The reaction of President Trump’s opponents to his appointment of Vice President Pence to leadership of the Coronavirus Task Force, and to the inclusion of Steven Mnuchin and Larry Kudlow, has been predictably negative.
According to the Hill, “In addition to blasting Pence as “unqualified” to lead the effort, Sanders said the response team should be staffed with experts and scientists, hitting Treasury Secretary Steven Mnuchin and White House economic adviser Larry Kudlow as “political cronies, not scientists.””
Sanders’ response and that of other political commentators is wildly off the mark.
The potential for more damaging secondary effects from a major pandemic should not be underestimated. These potentially include – but are not limited to – food shortages, economic collapse, mass unemployment, mass civil unrest and government overreaction.

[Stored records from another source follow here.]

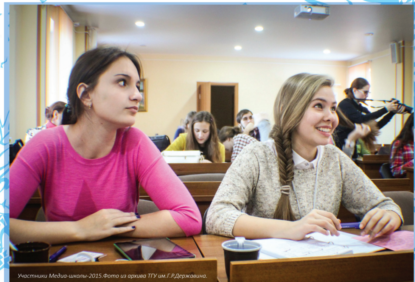
Участники Медиа-школы-2015.
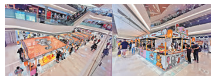
● 元朗形點二期的國際美食及精品市集
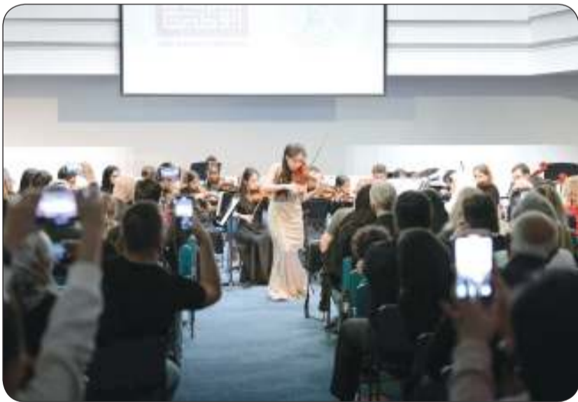
جانب من الأمسية الموسيقية

العربية المتحدة، وهي فرصة لا تفوت لرؤية هذه المهلة الاستثنائية في تدريبها الإبداعي مجموعة متميزة من الموسيقيين على مسرح المدرسة البريطانية في الخبرات التي أتاحت الفرصة لهذه المواهب لتقديم أمسية شديدة التميز. وعملت تزو مع 22 موسيقياً شاباً من الإمارات خلال الفترة من 5 إلى 9 فبراير، تم اختيارهم بعناية سعياً لصقل مواهبهم الإبداعية، وخضعوا لدروس متقدمة، وشاركوا في تدريبات مكثفة، وتوجت هذه الفترة التفاعلية، بالأمسية التي قدمت مواهبهم التي تعكس تميزهم وعلمهم الموسيقي إلى جانب المهبة العالمية تزو.
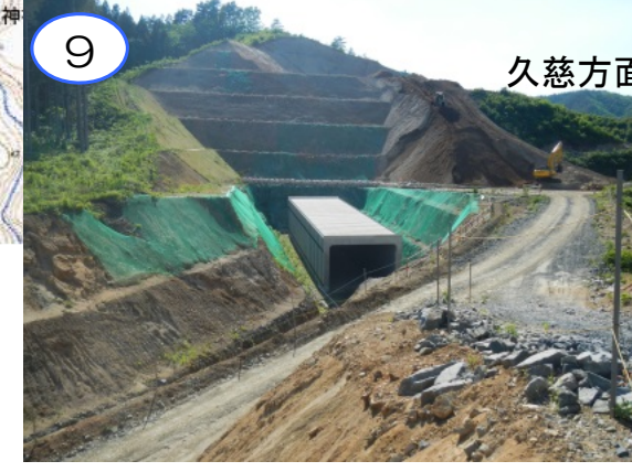
(仮称) 田野畑ICから久慈方面に向かって本線へ合流する道路付近です。本線部や宮古方面への出口道路の工事を今後整備します。
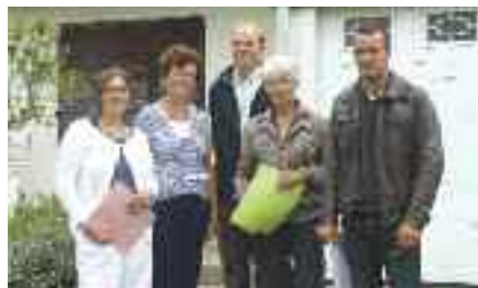
Le jury a visité les participants du concours, le 18 juin.
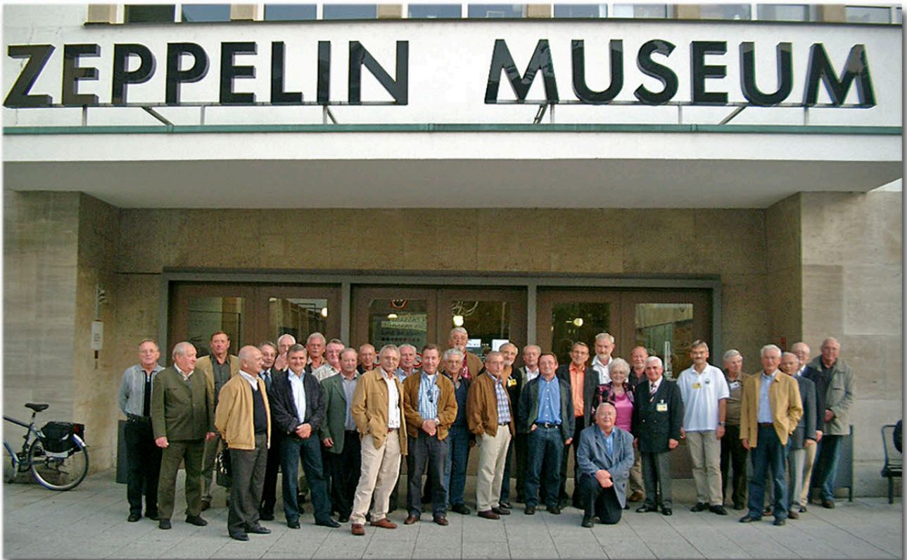
Die Mitglieder vor dem Zeppelin Museum in Friedrichshafen

Eine Seminarreise folgt am 13. Oktober nach Friedrichshafen.
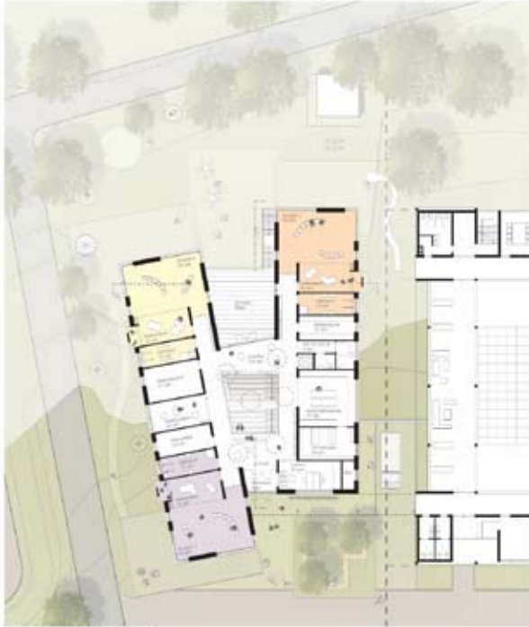
Erdgeschoss gerendet 1:200
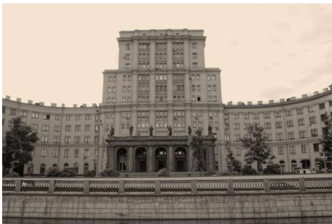
МВТУ им. Баумана
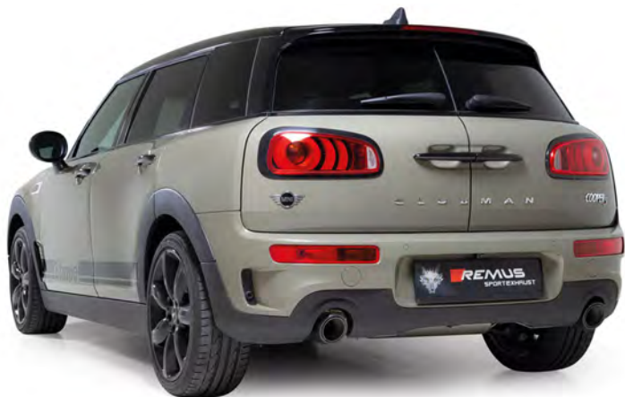
Mini Clubman Cooper S F54 2,0l
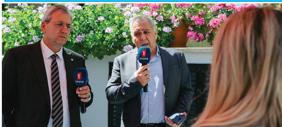
Ο Γενικός Γραμματέας της ΣΕΚ και ο Υπουργός Εργασίας μιλούν σε ζωντανή μετάδοση στο Ράδιο Πρώτο για τα φλέγοντα εργασιακά ζητήματα
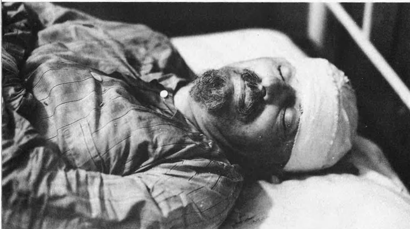
Lev Trotski mor a la seu de la Creu Verda de Mèxic, 21/8/1940.
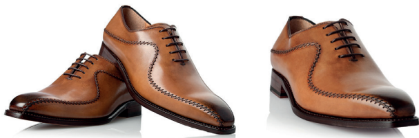
Brązowe wiedenki ze szwem
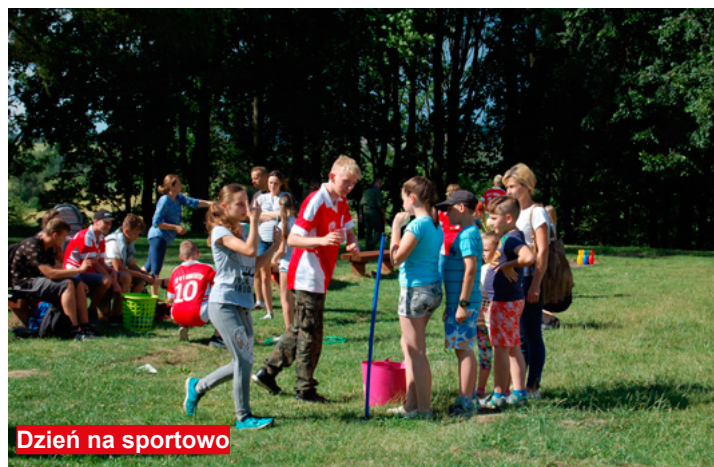
Dzień na sportowo

Również w sobotę na placu Pałacu Biskupów Krakowskich w godzinach popołudniowych odbył się Festyn Gier i Zabaw Sportowych dla dzieci i młodzieży. Na młodszych mieszkańców naszej gminy czekało aż 12 zabaw, gdzie za uzyskane 10 punktów każde dziecko otrzymywało medal sportowca!
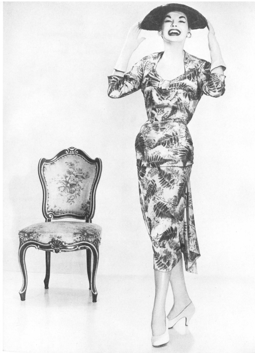
Gerson L. Dreese N.V., Amsterdam Toile magique pure soie de Emar S. A., Zurich
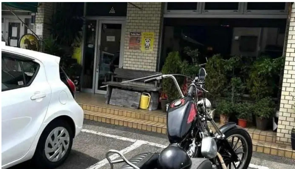
タイ料理 ライ・タイ 半田市
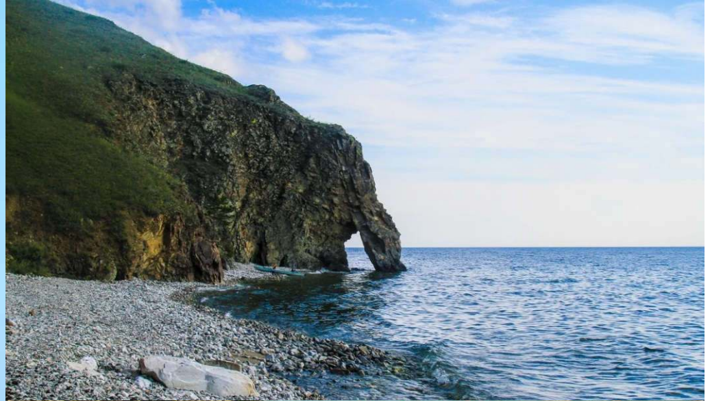
"Хобот" скала на Байкале.
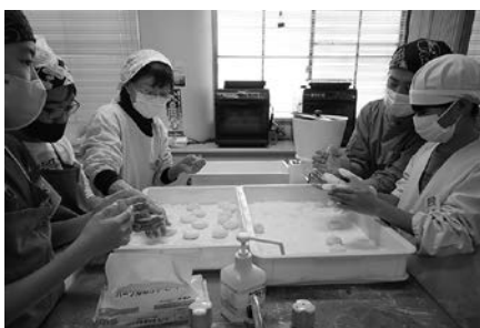
きれいに丸められるかな
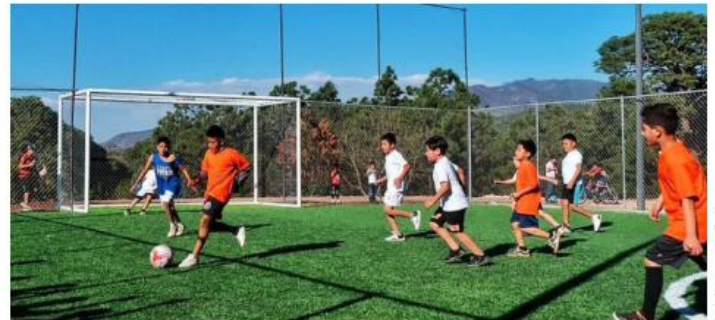
El nuevo espacio cuenta con una superficie recuperada de 2 mil 67 metros cuadrados.

En el marco de esta gira, se llevó a cabo la edición número 94 de las Brigadas Yo Jalisco, un programa que acerca servicios integrales a comunidades de difícil acceso. Durante la jornada, los habitantes pudieron acceder a trámites del Registro Civil, servicios de salud, asesorías jurídicas, renovación de licencias de conducir y una feria del empleo. El gobernador reiteró su compromiso
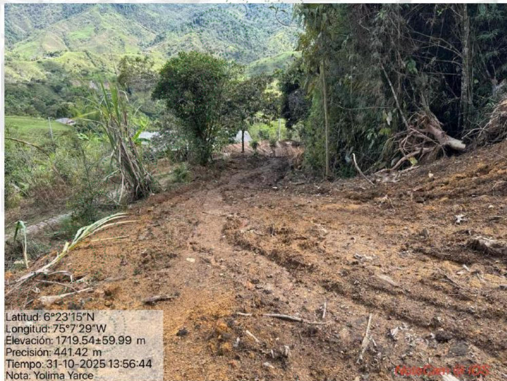
Imagen 3. Apertura de vía.
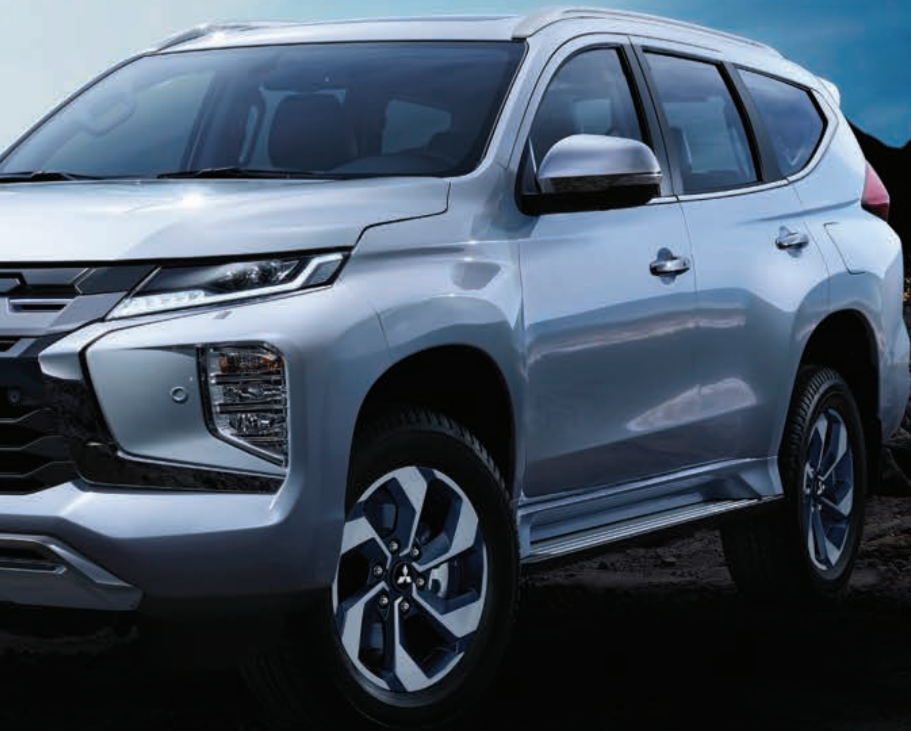
MONTERO SPORT SE PLUS Color Blade Silver Metallic

Nota: El equipo puede variar según el mercado. Contacta a tu Distribuidor Autorizado Mitsubishi más cercano para obtener la información más actualizada.

The pandemic is already cratering economic growth around the world, and causing enormous disruption to global supply chains. Trading Economics has reported that the “Caixin China General Manufacturing PMI plunged to 40.3 in February 2020, the lowest level since the survey began in April 2004”, and down from a previous read of 51.10, a drop of a massive 11.7 points.
While the Chinese Government has been pushing factories to reopen, it is clear that many are operating well below capacity with many workers understandably reluctant to return to work. As we covered in a previous article, there has also been severe disruption to food supply chains in China, with shortages in places and dumping in others, while the United States has already been hit by its first waves of panic buying.
Our highly-interconnected global economy leaves uniquely vulnerable to the sort of catastrophic economic shock, which a major pandemic has the potential to trigger.
President Trump is therefore entirely justified in being as concerned about the secondary effects of the pandemic as the primary ones.
His decision to hand leadership of the Task Force to the Vice President is also smart. Pence has barely put a foot during his tenure, coming across as an austere, bridge-building figure, who has the benefit of a close working relationship with President Trump and familiarity with most of the key figures likely be involved in addressing the crisis. Having a generalist with a background in state government, who dealt with the response to first MERS cases in the United States as state governor, and who is a big picture thinker, is a smart move. Appointing either an epidemiologist or a economist to the leadership of the taskforce could easily have led to a misbalanced response. An outsider without understanding of the workings of government would likely fail to get the machine moving as it must. A bureaucrat lacking Pence’s military mindset might well lack the capacity for action.
The inclusion of economists on the taskforce is also surely a must, while the participation of representatives of the State Department, Homeland Security, Transportation, the Domestic Policy Council, and the Office of Management and Budget will help to ensure that there is a whole-of-government response that balances competing epidemiological, economic and security concerns.
Let the scoffers scoff, but the President’s dual focus is on the mark!